| EXERCISE INPUTS |
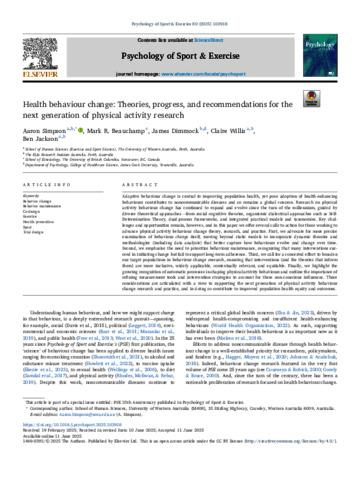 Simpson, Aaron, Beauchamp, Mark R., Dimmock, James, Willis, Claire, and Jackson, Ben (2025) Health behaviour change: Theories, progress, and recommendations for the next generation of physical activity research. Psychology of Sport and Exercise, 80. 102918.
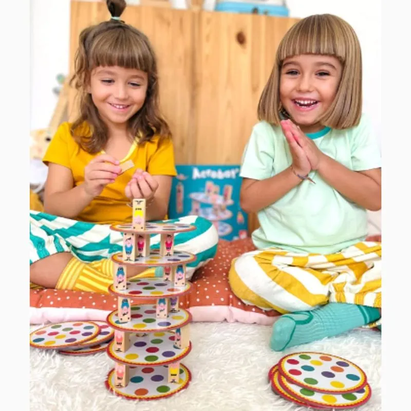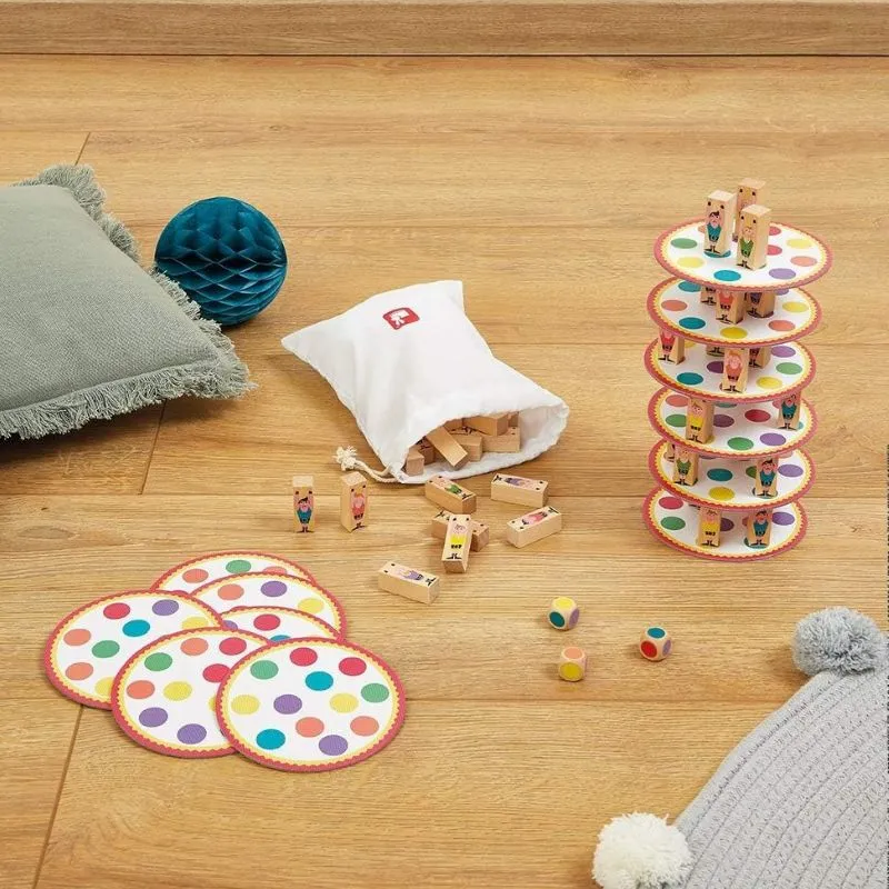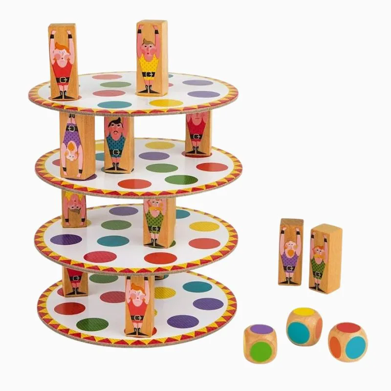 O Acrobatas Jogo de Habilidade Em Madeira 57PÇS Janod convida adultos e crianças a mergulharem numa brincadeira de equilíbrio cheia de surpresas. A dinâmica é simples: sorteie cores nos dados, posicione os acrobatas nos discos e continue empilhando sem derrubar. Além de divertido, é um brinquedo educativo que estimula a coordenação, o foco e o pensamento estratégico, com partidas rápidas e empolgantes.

...

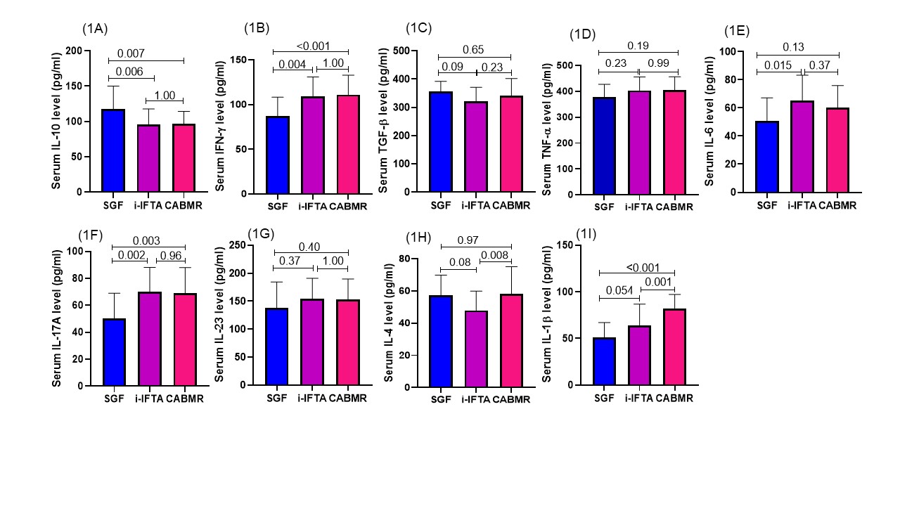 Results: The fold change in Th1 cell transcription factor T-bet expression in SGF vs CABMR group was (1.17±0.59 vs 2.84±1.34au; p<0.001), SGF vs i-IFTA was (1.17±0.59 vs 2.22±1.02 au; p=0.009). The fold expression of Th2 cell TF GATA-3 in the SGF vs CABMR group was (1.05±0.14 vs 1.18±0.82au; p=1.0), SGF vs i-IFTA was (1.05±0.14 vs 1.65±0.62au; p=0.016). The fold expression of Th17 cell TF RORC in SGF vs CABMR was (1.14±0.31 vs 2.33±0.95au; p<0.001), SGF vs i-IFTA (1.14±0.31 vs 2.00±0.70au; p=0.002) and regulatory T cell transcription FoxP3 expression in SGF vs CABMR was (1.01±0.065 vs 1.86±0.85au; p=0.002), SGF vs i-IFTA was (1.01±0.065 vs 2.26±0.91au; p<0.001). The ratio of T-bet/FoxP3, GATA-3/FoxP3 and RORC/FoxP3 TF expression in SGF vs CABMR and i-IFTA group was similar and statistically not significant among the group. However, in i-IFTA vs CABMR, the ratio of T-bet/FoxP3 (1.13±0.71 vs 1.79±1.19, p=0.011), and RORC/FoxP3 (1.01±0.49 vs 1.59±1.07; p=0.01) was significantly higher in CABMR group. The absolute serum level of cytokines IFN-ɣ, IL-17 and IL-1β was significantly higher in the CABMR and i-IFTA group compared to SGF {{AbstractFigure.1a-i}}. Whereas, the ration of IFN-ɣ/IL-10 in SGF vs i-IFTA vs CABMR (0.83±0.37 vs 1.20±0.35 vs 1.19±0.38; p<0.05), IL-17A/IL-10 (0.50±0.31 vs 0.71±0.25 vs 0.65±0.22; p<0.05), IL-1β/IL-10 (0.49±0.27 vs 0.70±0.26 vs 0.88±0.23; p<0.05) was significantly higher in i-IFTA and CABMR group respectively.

| ASSIGNMENT |
Transcribe, word for word, the lines of the listing above from the one that contains "Simpson, Aaron, Beauchamp, Mark" through the one that contains "O Acrobatas Jogo", keeping both ends and dropping the pictures.

| SOLUTION FOR THIS EXERCISE |
 Simpson, Aaron, Beauchamp, Mark R., Dimmock, James, Willis, Claire, and Jackson, Ben (2025) Health behaviour change: Theories, progress, and recommendations for the next generation of physical activity research. Psychology of Sport and Exercise, 80. 102918.
 O Acrobatas Jogo de Habilidade Em Madeira 57PÇS Janod convida adultos e crianças a mergulharem numa brincadeira de equilíbrio cheia de surpresas. A dinâmica é simples: sorteie cores nos dados, posicione os acrobatas nos discos e continue empilhando sem derrubar. Além de divertido, é um brinquedo educativo que estimula a coordenação, o foco e o pensamento estratégico, com partidas rápidas e empolgantes.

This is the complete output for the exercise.